- Assignment -
Your answer must be the exact lines below, starting with the line with "Ein großer Vorteil" and going on through the line with "As classificações de", both included, with no pictures.

- Excerpted data -
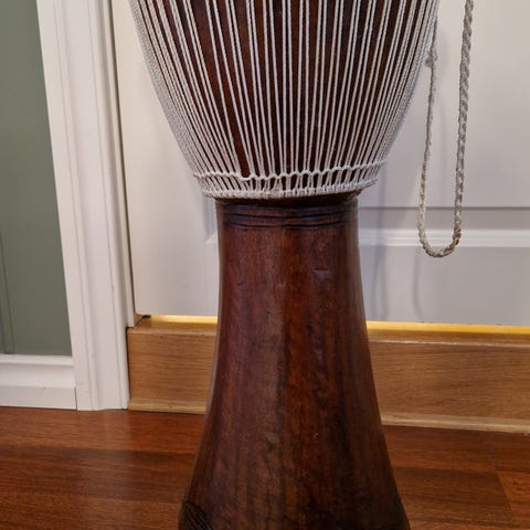 Ukjent merke Djembe tromme laget av tre med skinn overflate. Trommen har en brun farge og er håndlaget med tau for justering av skinnet. Passer til rytmisk spilling og musikkøvelser.
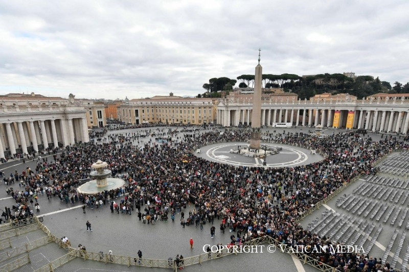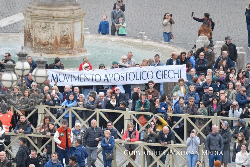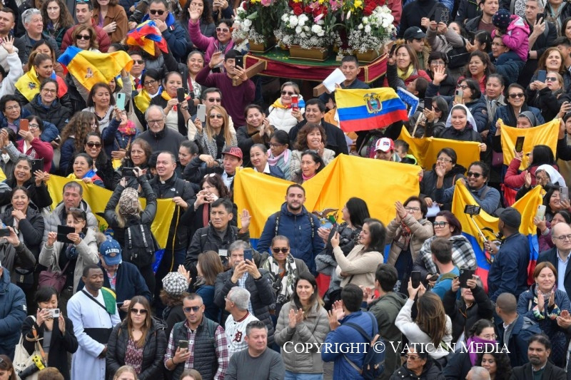 Szeretettel köszöntelek mindnyájatokat, Olaszországból és a világ más tájairól érkezett zarándokok. Köszöntöm a madridi, ibizai és varsói híveket, valamint a Katolikus Tanárok Világszövetsége Tanácsának tagjait. Köszöntöm az Apriliából, San Ferdinando di Pugliából és Sant’Antimóból érkezett csoportokat; az Orta Nova-i FIDAS Egyesületet, valamint a Vakok Apostoli Mozgalma által szervezett „Megosztás Napjai” résztvevőit. Külön is üdvözlöm a római ecuadori közösséget, mely a Quinchei Boldogságos Szűz Máriát ünnepli. Üdvözlöm a Szeplőtlenül Fogantatott Szűzanya-plébánia fiataljait is.
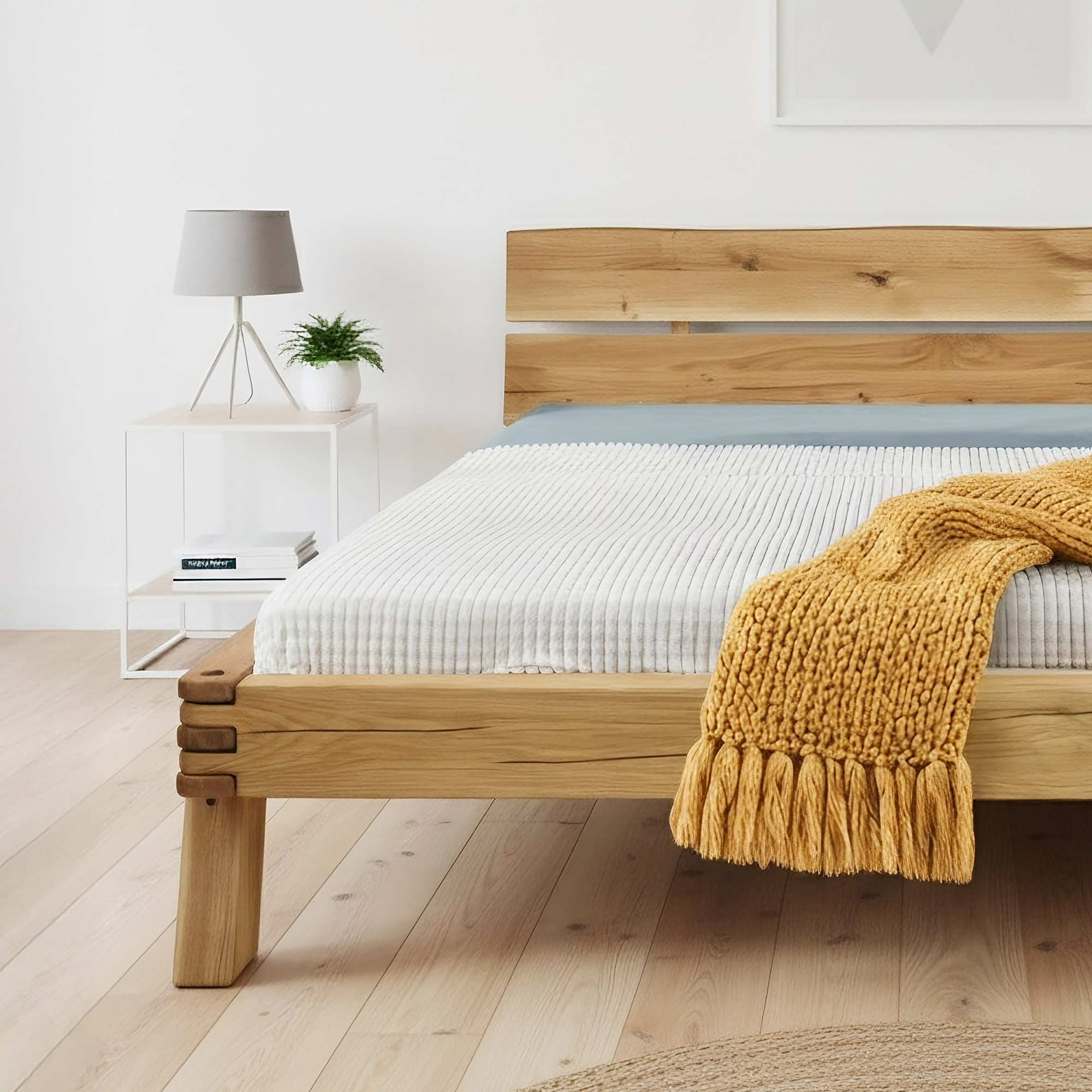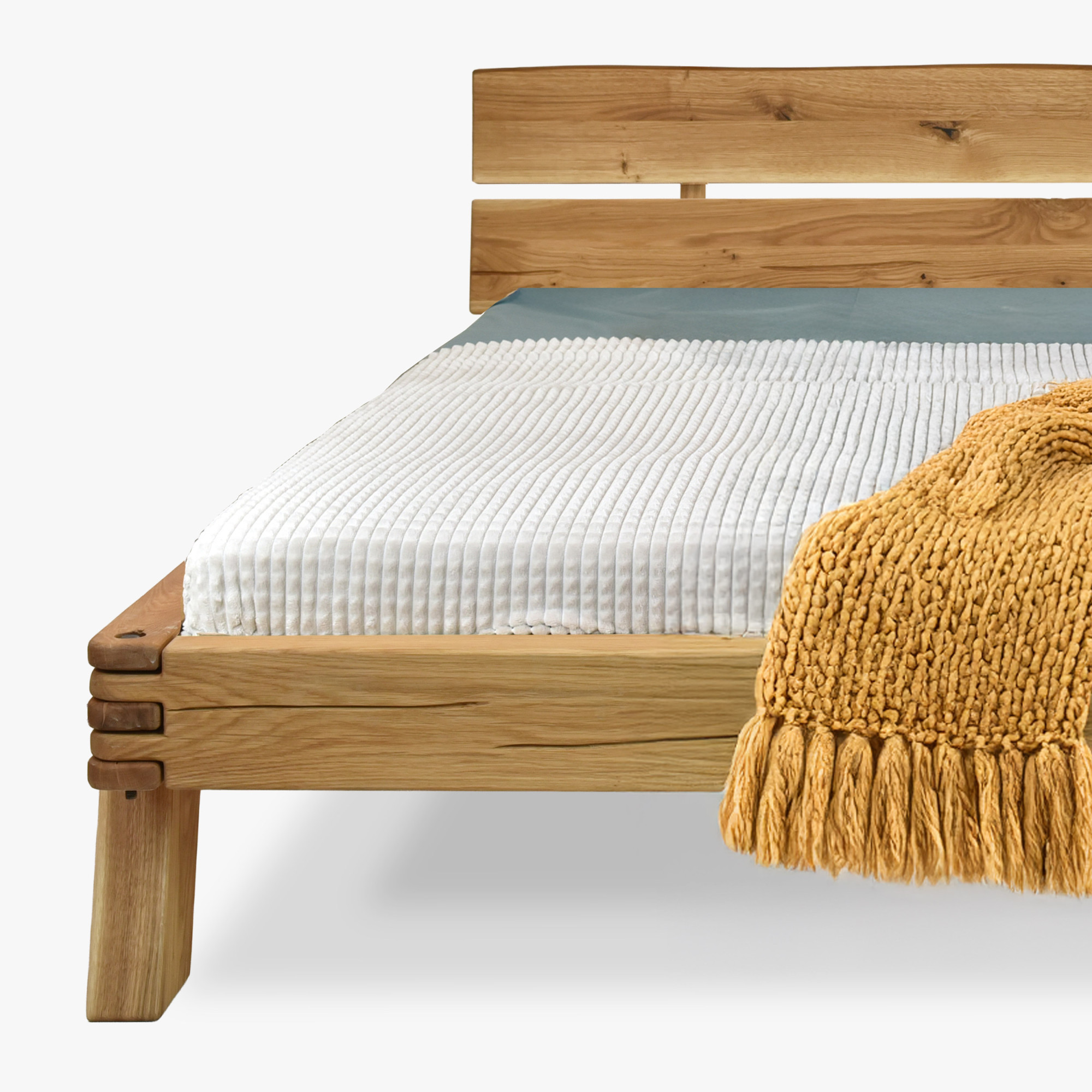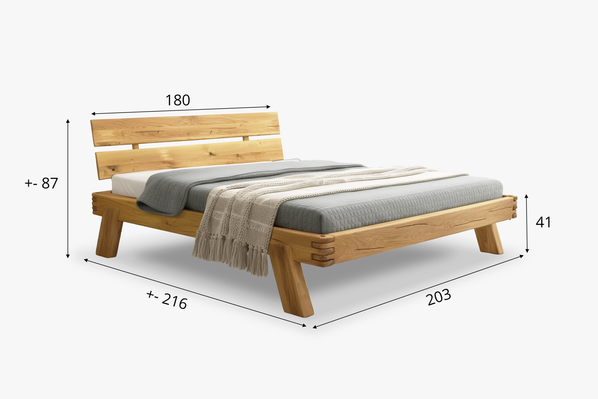 Ein großer Vorteil sind die handgerundeten Ecken, die den einzigartigen Charakter jedes Stücks unterstreichen.Ohne Rost, ermöglicht die Konstruktion den Einsatz jeder anderen Art von Rost. Selbstverständlich besitzt das Bett eine Mittelplatte mit Stützbein für erhöhte Stabilität. Die Belastbarkeit des Bettes beträgt bis zu 230 kg, das empfohlene Maximalgewicht pro Person liegt bei 120 kg. Das Eichenholz stammt aus zertifizierten Quellen mit FSC-Zertifikat, somit können Sie sicher sein, dass Sie ein nachhaltiges und umweltfreundliches Produkt wählen. Das Bett wird zerlegt geliefert und ist sehr einfach zu montieren, sodass Sie schnell ein dominierendes Element Ihres Schlafzimmers erhalten.
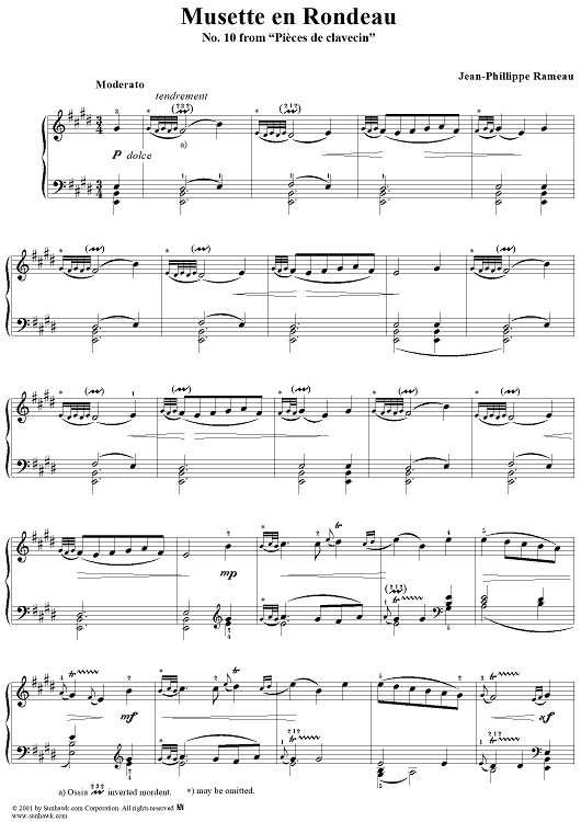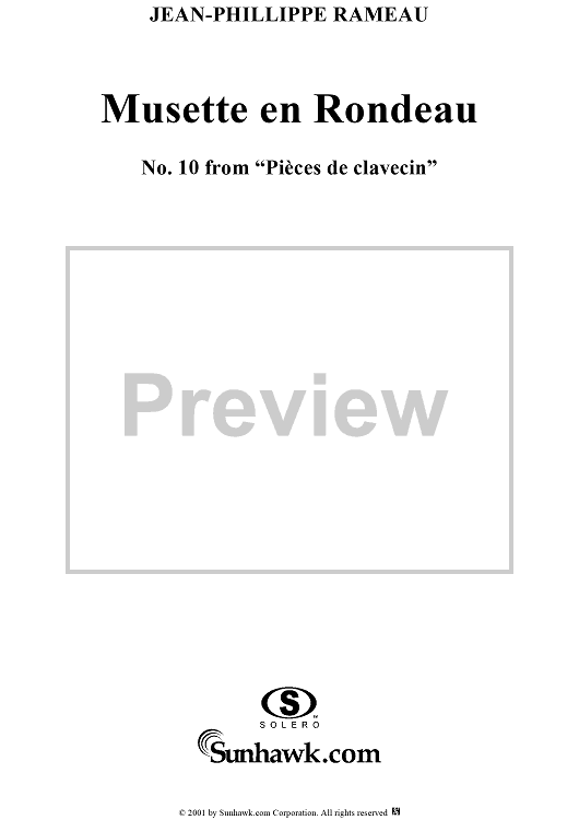 Digital Sheet Music for Musette en Rondeau - No. 10 from "Pieces de clavecin" 1724 by Jean-Philippe Rameau scored for Piano Solo; id:262441
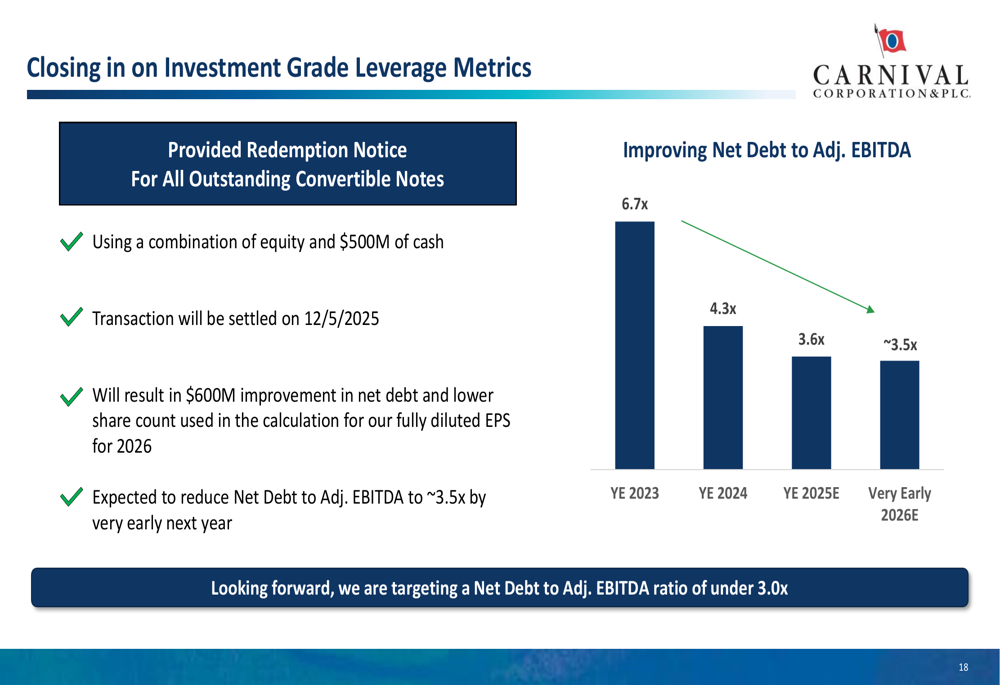 As classificações de crédito da Carnival viram múltiplas elevações das três principais agências no último ano, colocando a empresa a apenas um nível do grau de investimento com S&P e Fitch. A empresa também está se aproximando das métricas de alavancagem de grau de investimento, com a relação dívida líquida para EBITDA ajustado prevista para atingir aproximadamente 3,5x no início de 2026.
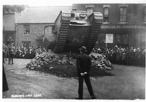 West Hartlepool had won the competition, and in June 1919, in front of the Municipal Buildings, General E. D. Swinton, presented “Egbert” to the town. Naturally “Egbert” put on a show – his last leap before going on permanent static display at Stranton Bull Garth, finally going for scrap in 1937.

- Result of the task -
 Ein großer Vorteil sind die handgerundeten Ecken, die den einzigartigen Charakter jedes Stücks unterstreichen.Ohne Rost, ermöglicht die Konstruktion den Einsatz jeder anderen Art von Rost. Selbstverständlich besitzt das Bett eine Mittelplatte mit Stützbein für erhöhte Stabilität. Die Belastbarkeit des Bettes beträgt bis zu 230 kg, das empfohlene Maximalgewicht pro Person liegt bei 120 kg. Das Eichenholz stammt aus zertifizierten Quellen mit FSC-Zertifikat, somit können Sie sicher sein, dass Sie ein nachhaltiges und umweltfreundliches Produkt wählen. Das Bett wird zerlegt geliefert und ist sehr einfach zu montieren, sodass Sie schnell ein dominierendes Element Ihres Schlafzimmers erhalten.
 Digital Sheet Music for Musette en Rondeau - No. 10 from "Pieces de clavecin" 1724 by Jean-Philippe Rameau scored for Piano Solo; id:262441
 As classificações de crédito da Carnival viram múltiplas elevações das três principais agências no último ano, colocando a empresa a apenas um nível do grau de investimento com S&P e Fitch. A empresa também está se aproximando das métricas de alavancagem de grau de investimento, com a relação dívida líquida para EBITDA ajustado prevista para atingir aproximadamente 3,5x no início de 2026.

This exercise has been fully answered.